7.23.2016

listen up, people

Another online litmag with one of those masthead manifestos written by an editor too young to understand how much his exhortations sound like echoes.

2 comments:

Joseph Hutchison said...

Youth doesn't have to mean ignorance, but elders encourage it.

A fellow poet told me the other day that he'd given a reading back East and was chatting afterward with a young, newly minted MFA graduate. As the conversatiion wandered along, my friend mentioned Prufrock. The grad, whose concentration had been in the writing of poetry, looked puzzled.

You know, my friend said. From Eliot's poem.

The budding bard admitted he hadn't heard of Eliot.

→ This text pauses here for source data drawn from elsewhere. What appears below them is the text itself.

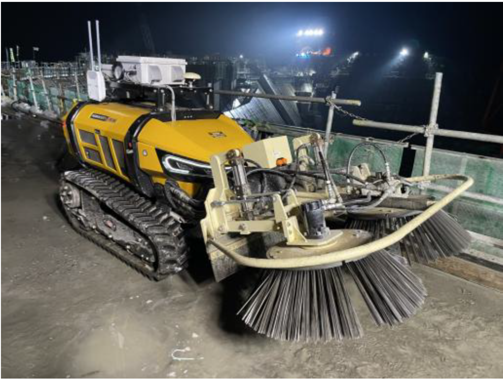 前田建設工業は、ダム工事でコンクリート打設後に行う「グリーンカット作業(レイタンス除去)」を自動化する「自動グリーンカットマシン」を開発し、2025年8月に岐阜県発注の内ケ谷ダム本体工事で試行しました。無線LAN環境下での自動施工と品質確保、遅延剤併用による休工日前日の打設時の品質確保を確認したとしています。グリーンカットは、打設面の脆弱な薄膜を除去して打ち継ぎ面の品質を確保する工程ですが、翌日に広い面積を処理する必要があり手作業の負荷が大きい点が課題でした。新マシンは英国McConnel社のROBOCUTをベースに、専用アタッチメントやGNSS、Webカメラ、制御PCなどを組み合わせ、自動施工と遠隔施工を切り替えられるといいます。型枠近傍など機械が処理しにくい部分は、打設直後に型枠から約30cm範囲へ遅延剤を散布し、後日に水洗いとハンドポリッシャーで仕上げる方法を採用しました。導入により年間施工可能日数を約1.3倍に増やし、工期短縮や省人化、施工費低減につなげる考えで、今後は品質判定まで含めた一連の自動化に向けて実証を続けるとしています。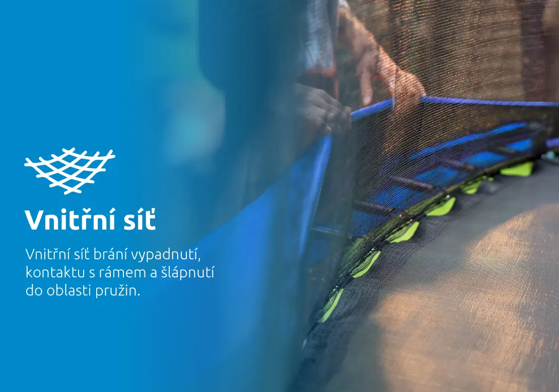 Vnitřní ochranná síťVýjimečnost vnitřní ochranné sítě spočívá v umístění v těsné blízkosti skákací plochy. Brání vypadnutí, kontaktu s rámem a šlápnutí do oblasti pružin. |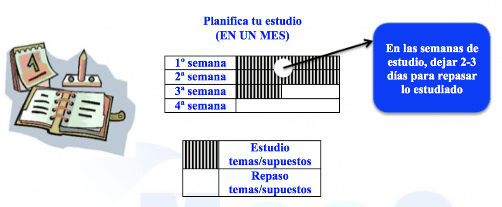 - ¿Cómo estudiar el temario/supuestos y repaso de los mismos? Aconsejamos que en las 2-3 primeras semanas del mes abordes el estudio del mayor número de temas/supuestos nuevos, para dejar la 3ª- 4ª semana de repaso (de todo lo estudiado).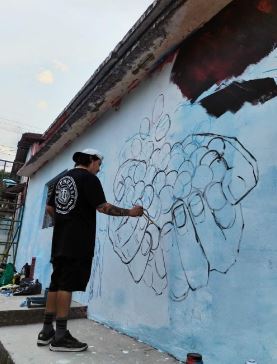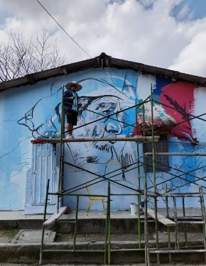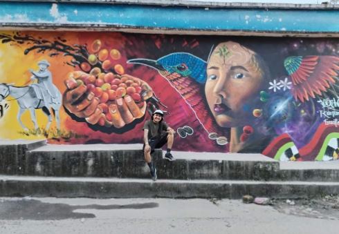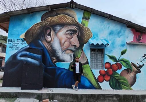 Los artistas de murales, Billi Cotuc y José Chavajay, originarios de San Pedro La Laguna, Sololá, participan en un festival en Colombia, en el cual plasmaron una pintura que se fusiona para recrear el proceso de producción del café.
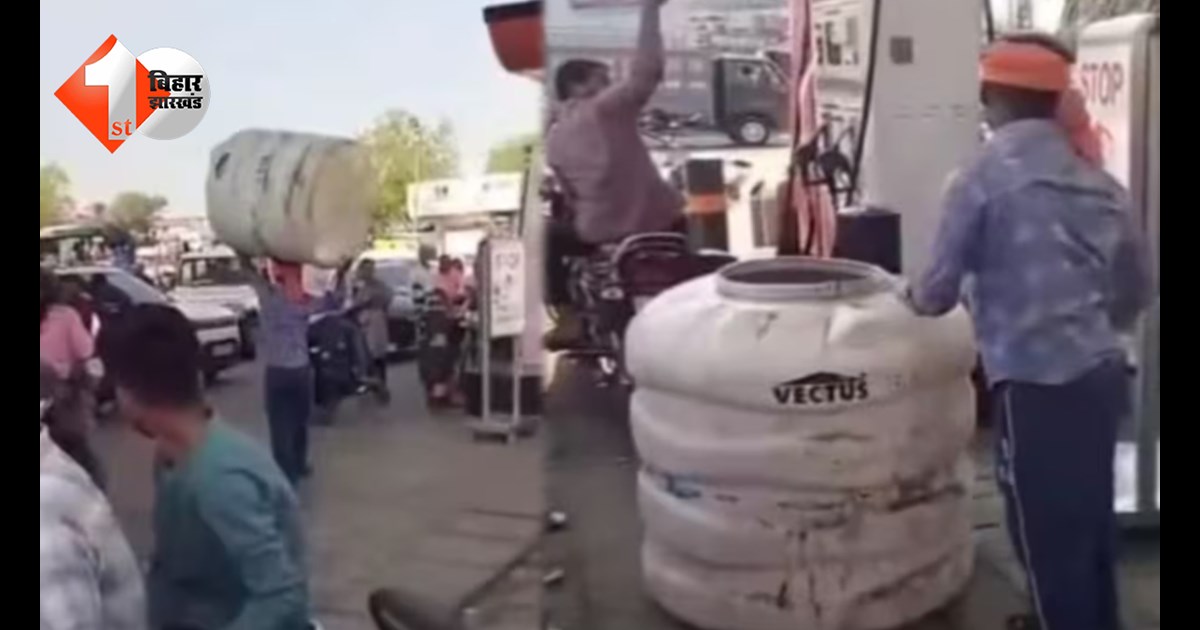 इसी बीच एक हैरान करने वाला मामला सामने आया जब एक युवक पेट्रोल भरवाने के लिए घर से पानी का बड़ा टंकी उठाकर पेट्रोल पंप पर पहुंच गया। पानी की टंकी माथे पर लिये युवक को देखकर हर कोई हैरान रह गये। इस अजीबोगरीब मामले को देख किसी ने युवक का वीडियो मोबाइल से बना लिया और उसे सोशल मीडिया पर अपलोड कर दिया। देखते ही देखते यह वीडियो सोशल मीडिया पर तेजी से वायरल हो गया।

You didn't read T. S. Eliot in school?

The kid shook his head. Was he any good?

It's fair to wonder who the elders are that taught this young man. Are they incompetent or simply ignorant themselves? Or are they mere functionaries in a system designed to cash checks and issue degrees? Pairs of ragged claws, so to speak....

JforJames said...

I hear you. If a person can come out of a MFA program in Poetry without at least some general recognition of Eliot/Prufrock, you have to wonder about the pedagogy behind the endeavor. No one can be expected to have read everything, as I'm increasingly reminded as I age, but you have to be exposed to certain touch points (I won't say touchstones). Probably more importantly the mentors/teachers should attempt to instill some hunger to explore poetry at large, as a whole, across cultures, and not be content with poetry as I/we happen to write it in these times.